Good vs weak application style

What is evaluated positively

A strong application usually:

  • explains one step in plain English
  • links each method to one testable decision
  • quantifies resource need by explicit deliverables
  • includes a realistic failure interpretation
  • gives one clear route to larger funding after success

What weak applications often look like

A weak application usually:

  • stacks several high-risk activities into one narrative
  • has strong science but weak translational logic
  • gives no clear route after the step is completed
  • overstates certainty and avoids acknowledging risk

FAQ for practical decision-making

Is this open right now?

The official page shows status as paused. Treat this as not currently open until a fresh published call window is confirmed.

Can a paused call have useful details I can use?

Yes. The rules and requirements shown remain useful for preparing your internal planning package and a rapid-response draft if the next open window appears.

Can I apply without prior MRC funding?

Yes, if other criteria are met and your host is eligible. The page allows organisations without IAA to use this route as a smaller early-stage translational step.

How many work packages are allowed?

The opportunity is explicitly single-step. Multi-package applications are repeatedly flagged as not eligible.

Can an international lead apply?

An international project co-lead is possible in specific structures, but a lead based on an international organisation is generally not allowed except for documented exceptions.

What if I do an AI-based project?

If AI is a core enabling part of the approach, you need to complete the AI-specific declaration and category response in the Funding Service.

Do we need internal support letters?

Yes, where roles and project support are claimed by the research organisation, expected support is required and should be stated accurately.

What happens if application fails?

Failure is common in high-risk translational funding, and the public guidance supports this reality. The key is whether the application provides a robust and useful decision point for the team and funders.

Step-by-step readiness before reopening

When you are ready for a likely reopen, use this sequence:

  1. Confirm the opportunity is live and copy the current dates exactly.
  2. Register all internal users and test funding service access.
  3. Lock your single-step question and success/failure rule.
  4. Prepare partner statements and roles.
  5. Build the budget for standard costs and permitted exceptions.
  6. Complete drafts for background, approach, team capability and data plan.
  7. Run an internal read of all mandatory fields and check-word limits.
  8. Submit well before institutional and system cut-off deadlines.

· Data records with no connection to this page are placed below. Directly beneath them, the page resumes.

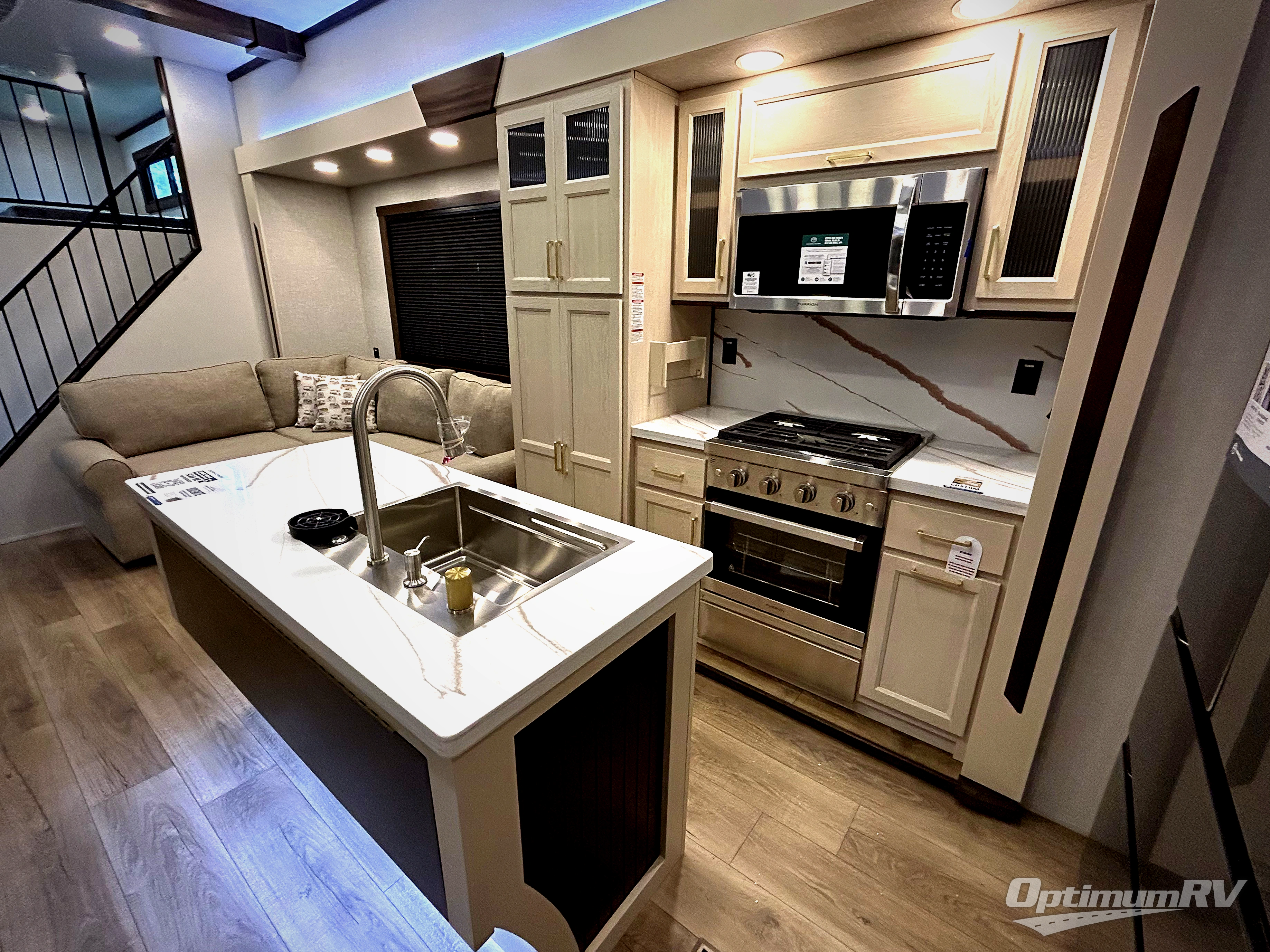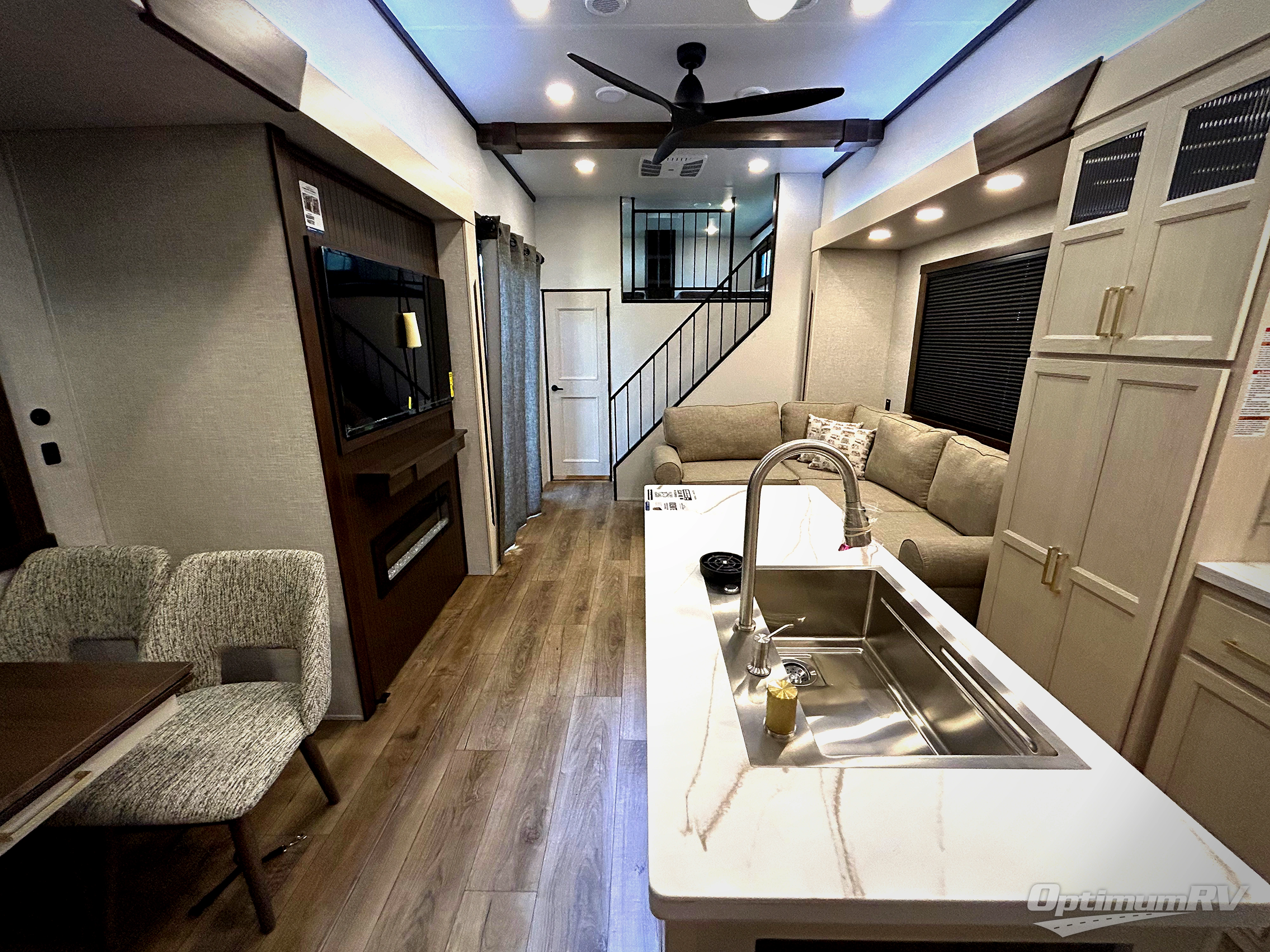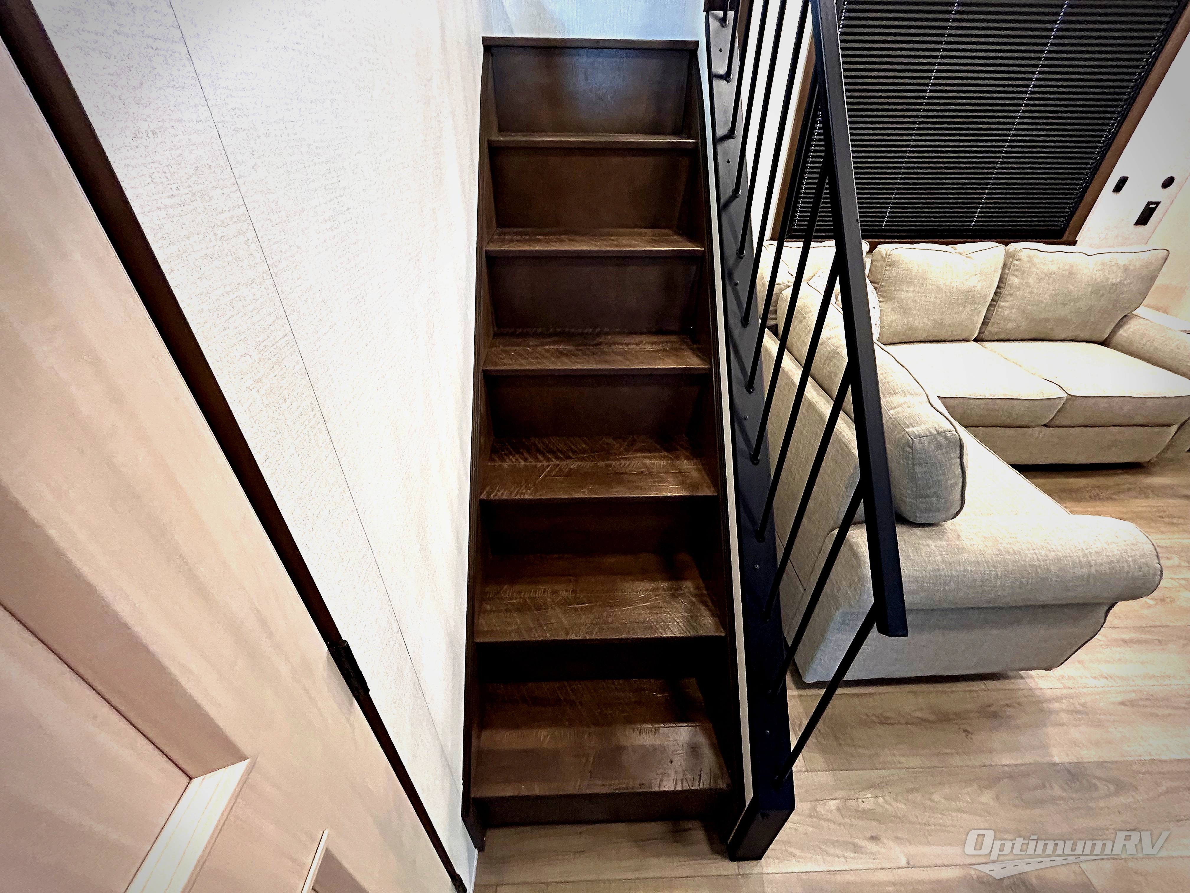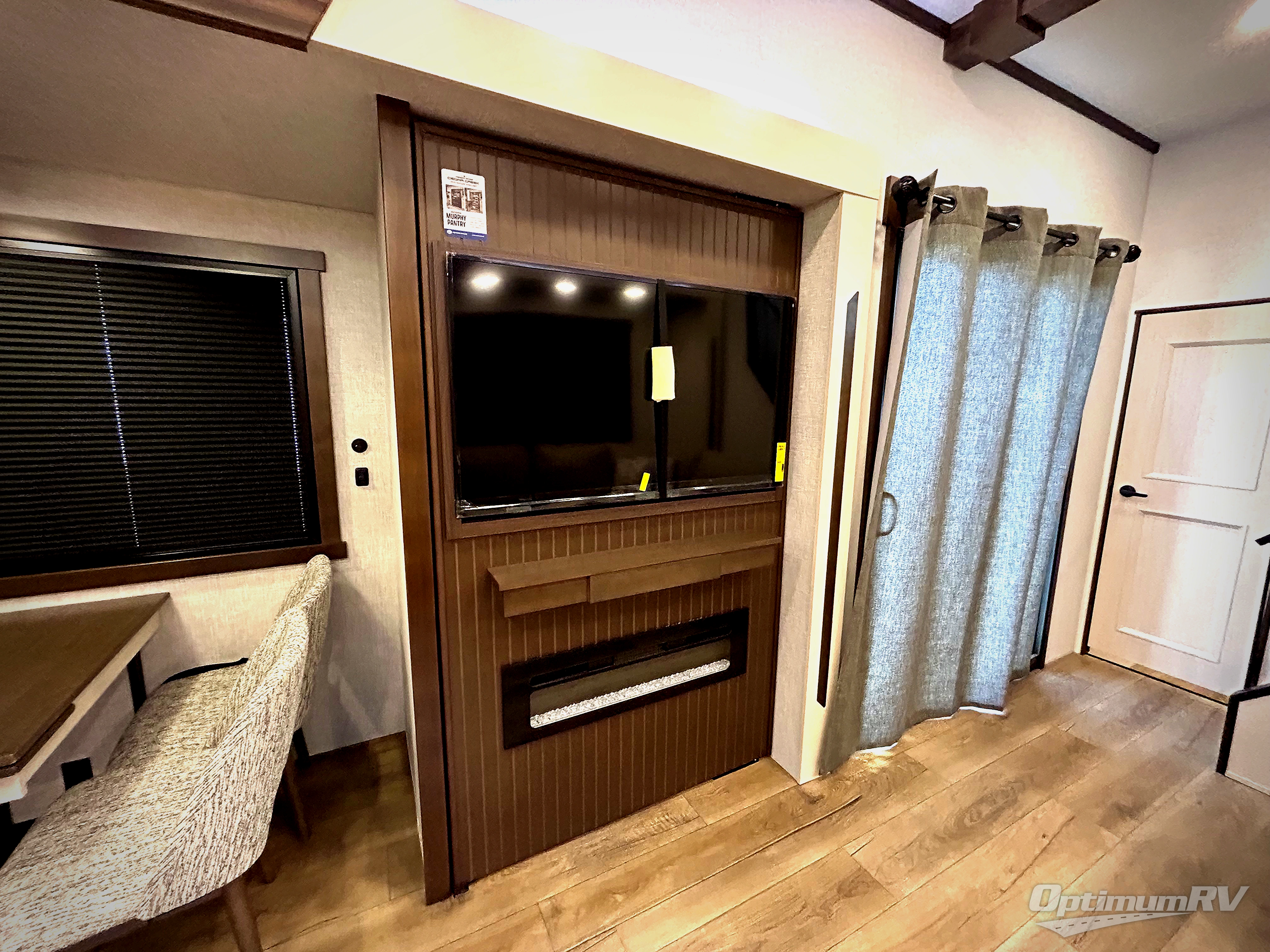 A front and rear loft plus master bedroom offer three different sleeping spaces that you and your family or guests will enjoy. The front master offers a king bed slide, plus two dressers and a wardrobe for clothing. There is also a 32" TV as well. The main combined living and kitchen area features a large L-shaped sectional sofa opposite a swivel mount Smart TV and fireplace mounted on the exterior door that hides a Murphy pantry. The kitchen is fully equipped for all of your cooking needs with a 30" stainless steel microwave, a 12V 18 cu. ft. refrigerator, and an island with fold-down breakfast counter. There is also a free standing dinette with an extension and an ottoman.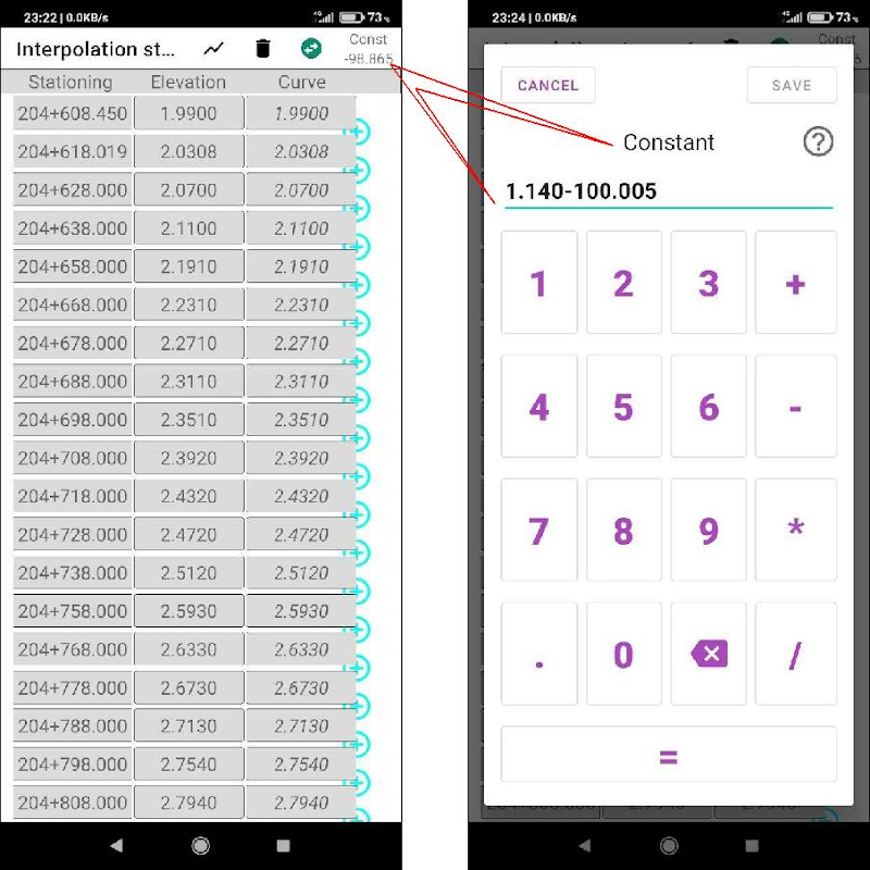 • সমস্ত মানগুলিতে একটি নির্বিচারে ধ্রুবক যোগ করার জন্য এটি অ্যাপ্লিকেশনটিতে উপলব্ধ - এটি আপনাকে স্তরের জন্য উচ্চতা অবিলম্বে গণনা করতে দেয়। লেভেল স্টাফের উচ্চতা গণনা করা হবে, অর্থাৎ ডিজাইন মার্ক (100.005) লেভেল স্টাফদের 1.140 মিটারের উচ্চতায় ধ্রুবক (-98.865) প্রবেশ করে পুনরায় গণনা করা হবে।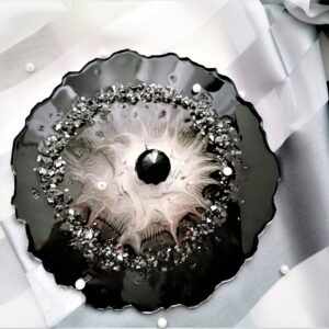 Taca dekoracyjna żywica czarna + kruszone szkło kryształowa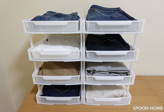 トレーを使用するとパンツを引き出しやすくなるので、2着分のパンツを収納することができました。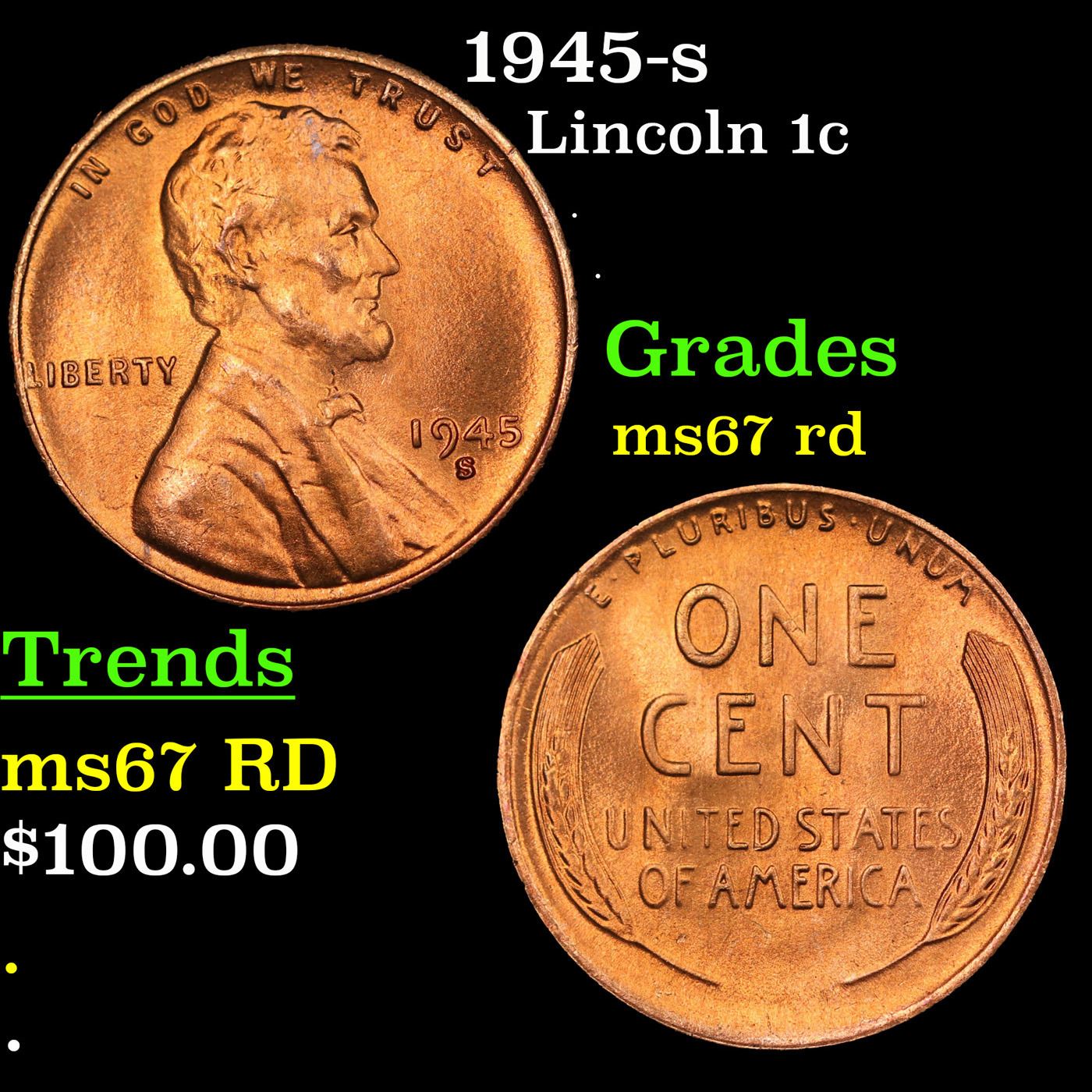 1945-s Lincoln Cent 1c Grades GEM++ Unc RD.

Do not wait for the final day to discover your institution is missing required support details.

Bottom line

The MRC Gap Fund is best for teams with one sharply defined translational bottleneck and a team that can show disciplined execution. It is not a general development grant. Do not force a full product roadmap into a single-step structure.

If the opportunity is paused, do not abandon the project. Use the pause to build a stronger, cleaner, decision-focused application package. If and when re-opened, submit only once your package is already internally aligned, because speed at reopen matters less than fit and completeness.